■ Dataset content ■
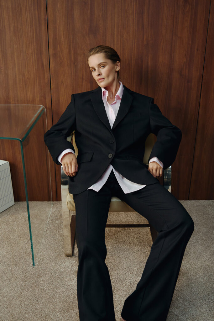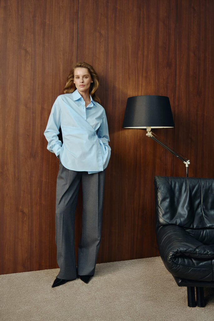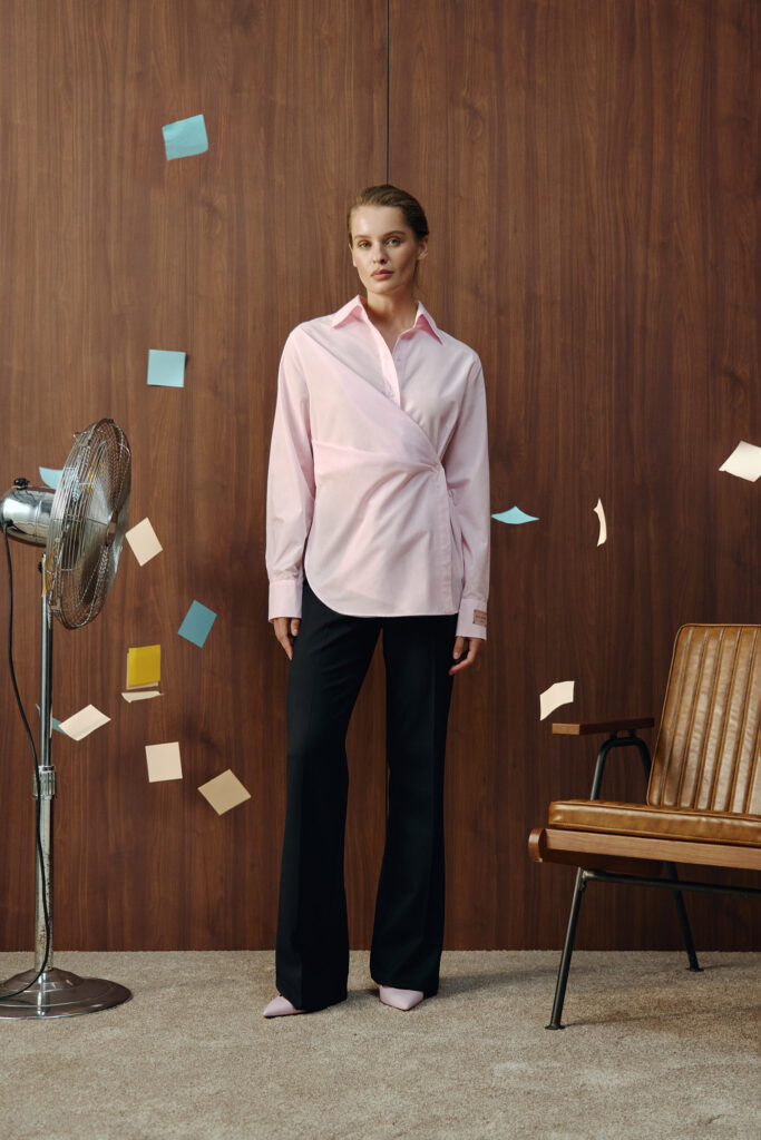 У цій співпраці VIKA ADAMSKA виходить за межі звичного, поєднуючи фірмовий комфорт зі складнішими силуетами в стилі office core. Колекція містить асиметричні сорочки, класичні брюки, оверсайз-костюми, мініспідниці та елегантне двобортне пальто. Особливого шарму додають атласні сукні та унікальні деталі — стікери-етикетки на одязі. Ці елементи роблять колекцію особливою і підкреслюють її унікальний концепт.
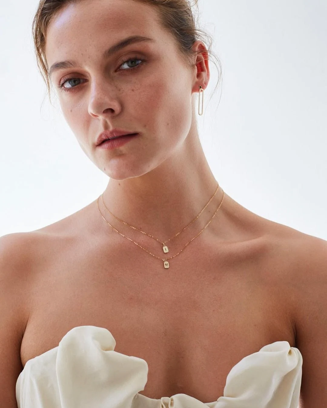 For example, I’m not usually a statement jewellery person. Instead of chunky necklaces or colourful earrings, I usually opt for more delicate, everyday wear like a paperclip necklace or gold hoops. So, when choosing my wedding jewellery, I’ve been on the hunt for similarly subtle pieces that I know will complement my dress details.
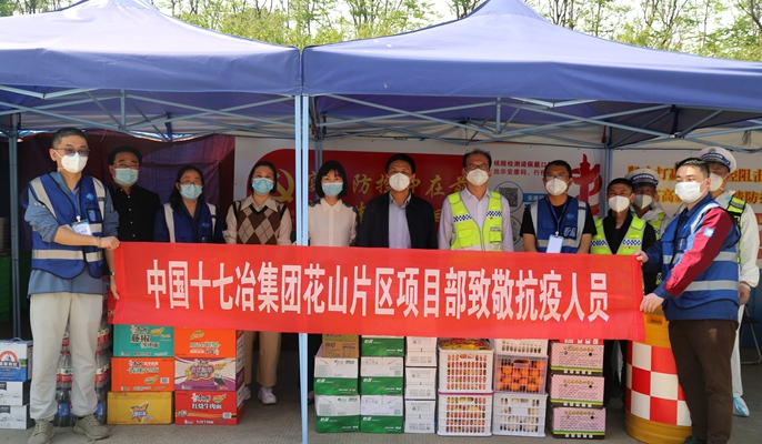 在慰问活动现场,马鞍山市花山区委常委彭冬与十七冶党群工作部副部长李静、中冶置业(安徽)公司工会主席赵慧慧来到防疫管控一线,向在一线执勤的防疫人员表达了十七冶的关心和问候,感谢他们履职尽责,日夜坚守岗位,为全市人民筑起了最关键的安全防线。

■ What you need to do ■
Could you set down the material above word for word while dropping its pictures?

■ Response area ■
 У цій співпраці VIKA ADAMSKA виходить за межі звичного, поєднуючи фірмовий комфорт зі складнішими силуетами в стилі office core. Колекція містить асиметричні сорочки, класичні брюки, оверсайз-костюми, мініспідниці та елегантне двобортне пальто. Особливого шарму додають атласні сукні та унікальні деталі — стікери-етикетки на одязі. Ці елементи роблять колекцію особливою і підкреслюють її унікальний концепт.
 For example, I’m not usually a statement jewellery person. Instead of chunky necklaces or colourful earrings, I usually opt for more delicate, everyday wear like a paperclip necklace or gold hoops. So, when choosing my wedding jewellery, I’ve been on the hunt for similarly subtle pieces that I know will complement my dress details.
 在慰问活动现场,马鞍山市花山区委常委彭冬与十七冶党群工作部副部长李静、中冶置业(安徽)公司工会主席赵慧慧来到防疫管控一线,向在一线执勤的防疫人员表达了十七冶的关心和问候,感谢他们履职尽责,日夜坚守岗位,为全市人民筑起了最关键的安全防线。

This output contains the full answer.